*** Extracted material Section Begins ***
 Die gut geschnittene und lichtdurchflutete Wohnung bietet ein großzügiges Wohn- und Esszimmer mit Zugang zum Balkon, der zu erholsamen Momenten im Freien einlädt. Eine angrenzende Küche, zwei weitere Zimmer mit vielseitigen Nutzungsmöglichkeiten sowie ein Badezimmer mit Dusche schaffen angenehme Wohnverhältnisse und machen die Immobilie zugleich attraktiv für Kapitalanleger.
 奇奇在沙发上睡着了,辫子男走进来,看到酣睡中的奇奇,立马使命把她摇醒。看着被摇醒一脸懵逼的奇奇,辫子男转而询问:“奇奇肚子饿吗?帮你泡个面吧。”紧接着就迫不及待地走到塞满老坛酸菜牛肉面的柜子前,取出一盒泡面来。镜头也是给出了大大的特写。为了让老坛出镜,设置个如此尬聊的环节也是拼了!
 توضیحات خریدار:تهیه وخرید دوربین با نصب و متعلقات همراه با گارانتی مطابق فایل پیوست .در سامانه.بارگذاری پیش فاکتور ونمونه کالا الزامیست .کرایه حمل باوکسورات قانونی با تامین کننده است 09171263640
*** Extracted material Section Ends ***
*** Extracted material Section Begins ***
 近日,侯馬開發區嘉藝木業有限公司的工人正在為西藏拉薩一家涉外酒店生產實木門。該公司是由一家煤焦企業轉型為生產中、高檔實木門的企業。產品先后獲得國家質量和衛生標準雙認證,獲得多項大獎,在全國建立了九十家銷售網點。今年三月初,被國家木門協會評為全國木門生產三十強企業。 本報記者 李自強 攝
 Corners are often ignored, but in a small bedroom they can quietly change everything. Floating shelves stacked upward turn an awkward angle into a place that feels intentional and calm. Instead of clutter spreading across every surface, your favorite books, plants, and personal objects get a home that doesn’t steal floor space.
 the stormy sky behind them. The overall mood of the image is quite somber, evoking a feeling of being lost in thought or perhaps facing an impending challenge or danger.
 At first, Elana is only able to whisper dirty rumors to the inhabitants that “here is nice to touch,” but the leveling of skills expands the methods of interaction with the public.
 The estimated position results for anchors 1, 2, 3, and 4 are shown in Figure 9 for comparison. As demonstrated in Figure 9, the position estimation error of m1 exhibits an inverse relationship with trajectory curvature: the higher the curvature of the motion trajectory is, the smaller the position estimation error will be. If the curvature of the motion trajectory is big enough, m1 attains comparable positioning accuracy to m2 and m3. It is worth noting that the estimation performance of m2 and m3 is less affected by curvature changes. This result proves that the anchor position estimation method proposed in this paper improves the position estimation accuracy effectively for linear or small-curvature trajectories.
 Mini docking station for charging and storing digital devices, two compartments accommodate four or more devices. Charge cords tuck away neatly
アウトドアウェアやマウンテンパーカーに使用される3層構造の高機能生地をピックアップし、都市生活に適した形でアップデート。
*** Extracted material Section Ends ***
**Task to carry out:**
Spot the lines above that mention "small" and copy them.

**Your solution:**
 Corners are often ignored, but in a small bedroom they can quietly change everything. Floating shelves stacked upward turn an awkward angle into a place that feels intentional and calm. Instead of clutter spreading across every surface, your favorite books, plants, and personal objects get a home that doesn’t steal floor space.
 The estimated position results for anchors 1, 2, 3, and 4 are shown in Figure 9 for comparison. As demonstrated in Figure 9, the position estimation error of m1 exhibits an inverse relationship with trajectory curvature: the higher the curvature of the motion trajectory is, the smaller the position estimation error will be. If the curvature of the motion trajectory is big enough, m1 attains comparable positioning accuracy to m2 and m3. It is worth noting that the estimation performance of m2 and m3 is less affected by curvature changes. This result proves that the anchor position estimation method proposed in this paper improves the position estimation accuracy effectively for linear or small-curvature trajectories.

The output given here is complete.